With the cooler fall temperatures, slugs seem to be feeding incessantly, attacking newly planted cover crops and fall-planted small grains, says John Tooker, Penn State University entomologist.

"Slugs, of course, are most often problematic in no-till systems and thrive in high-moisture, high-residue fields," Tooker says.

Unfortunately for farmers with slug problems this fall, Tooker says many management tactics need to be implemented in spring, but there are few options that farmers can implement this fall that stand a good chance of reducing slug populations next spring.

Most slugs have a single generation per year with overwintering eggs hatching in spring and slugs developing through spring, summer and fall, Toker says. As winter approaches, slugs lay eggs, which overwinter and hatch the next spring.

He says anecdotal evidence of apparent full-size slugs seen early in the spring seems to suggest that some adults can survive until next spring and resume feeding.

"To assess slug populations this fall, it's necessary to scout fields," Tooker says. "Because slugs are most active at night, this can be done easily by placing wooden boards in fields, such as siding or even roofing shingles of some standardized size.

"Slugs will hide under these boards during the day providing an opportunity to gauge population size."

Tooker suggests leaving the boards in place for a few day and counting slugs.
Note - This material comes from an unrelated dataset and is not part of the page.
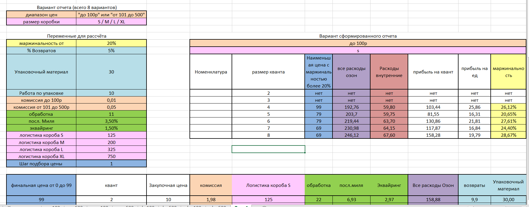 Есть подробная таблица ексель со всеми формулами для расчета и как должен выглядеть итоговый результат, скину после обсуждения и согласования всех нюансов.

Then, keep track of which fields have the largest populations and then in the spring, scout these fields first for damage.
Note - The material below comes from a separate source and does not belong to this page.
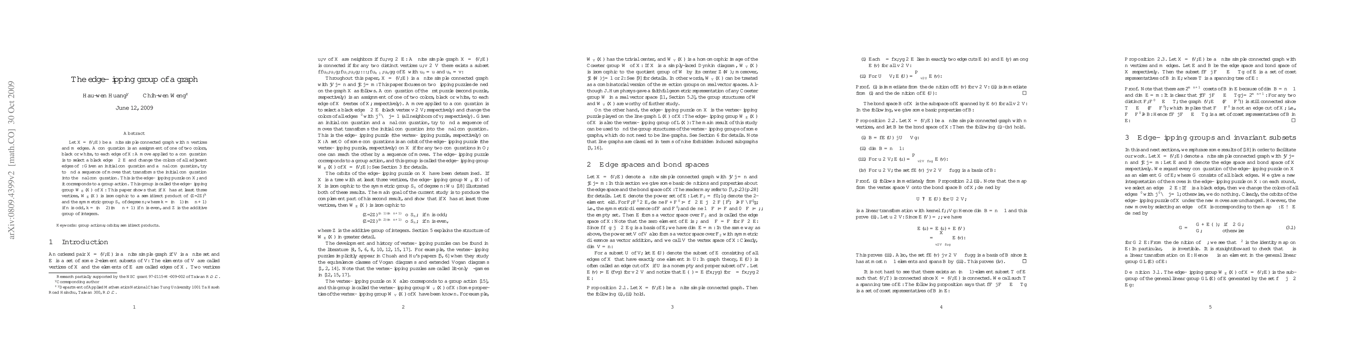 Let $X=(V,E)$ be a finite simple connected graph with $n$ vertices and $m$ edges. A configuration is an assignment of one of two colors, black or white, to each edge of $X.$ A move applied to a configuration is to select a black edge $\epsilon\in E$ and change the colors of all adjacent edges of $\epsilon.$ Given an initial configuration and a final configuration, try to find a sequence of moves that transforms the initial configuration into the final configuration. This is the edge-flipping puzzle on $X,$ and it corresponds to a group action. This group is called the edge-flipping group $\mathbf{W}_E(X)$ of $X.$ This paper shows that if $X$ has at least three vertices, $\mathbf{W}_E(X)$ is isomorphic to a semidirect product of $(\mathbb{Z}/2\mathbb{Z})^k$ and the symmetric group $S_n$ of degree $n,$ where $k=(n-1)(m-n+1)$ if $n$ is odd, $k=(n-2)(m-n+1)$ if $n$ is even, and $\mathbb{Z}$ is the additive group of integers.

"There is a good chance that high fall populations will lead to high spring populations and a need for chemical control," Tooker says.

Another tactic that may be of use is removing debris from fields. Some folks that do not use cover crops remove stubble for bedding.
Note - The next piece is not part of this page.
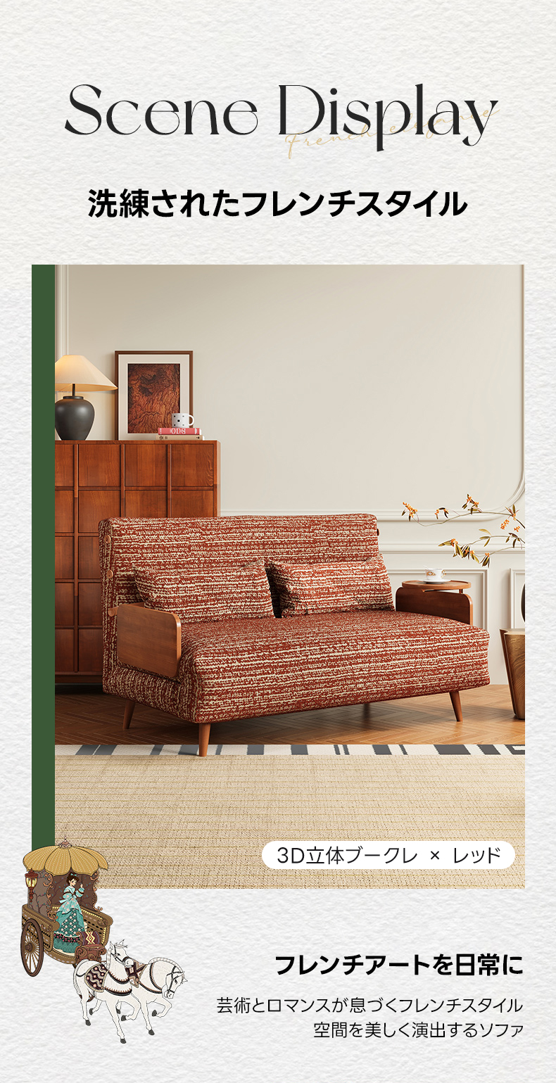 - 【スタイリッシュで省スペース】:フレンチレトロスタイルのデザインが洗練された空間を演出します。コンパクトに設置できるため、限られたスペースでも大きなゆとりを提供します。カップルやファミリーにぴったりの一品です。

"These more-exposed fields would tend to dry out more quickly, which would leave them less likely to harbor damaging slug populations," Tooker says. "This tactic, of course, would not be available to farmers regularly using cover crops."

Another tactic that has anecdotal support for helping to decrease slug populations is incorporating some degree of fall tillage. Tooker says shallow discing or turbo tillage provides some incorporation that should help knock back slug populations in the spring.

"A grower looking to test this option could easily leave a portion of the field untreated to see if the management was effective," he says.

If slug problems are particularly bad, growers might consider fall applications of metaldehyde baits. Tooker says such applications can be effective, but are not the most efficient use of these baits. Some adult slugs may have already laid eggs; the chemical treatment might not contribute too much to reducing spring populations.

Tooker adds that in the struggle against slugs, natural enemies have a lot of potential to contribute to slug suppression. Some ground beetle and harvestman (aka daddy long legs) species are voracious slug predators; unfortunately, natural enemies populations in many crop fields never get a chance to build because of regular use of broadcast insecticides.

"Many growers tankmix insecticides in the spring as an insurance policy against other potential crop pests," Tooker says. "But it should be recognized that applications of insecticides in absence of crop damage are economically dubious and have the potential to disrupt often unrecognized natural enemy-provided control.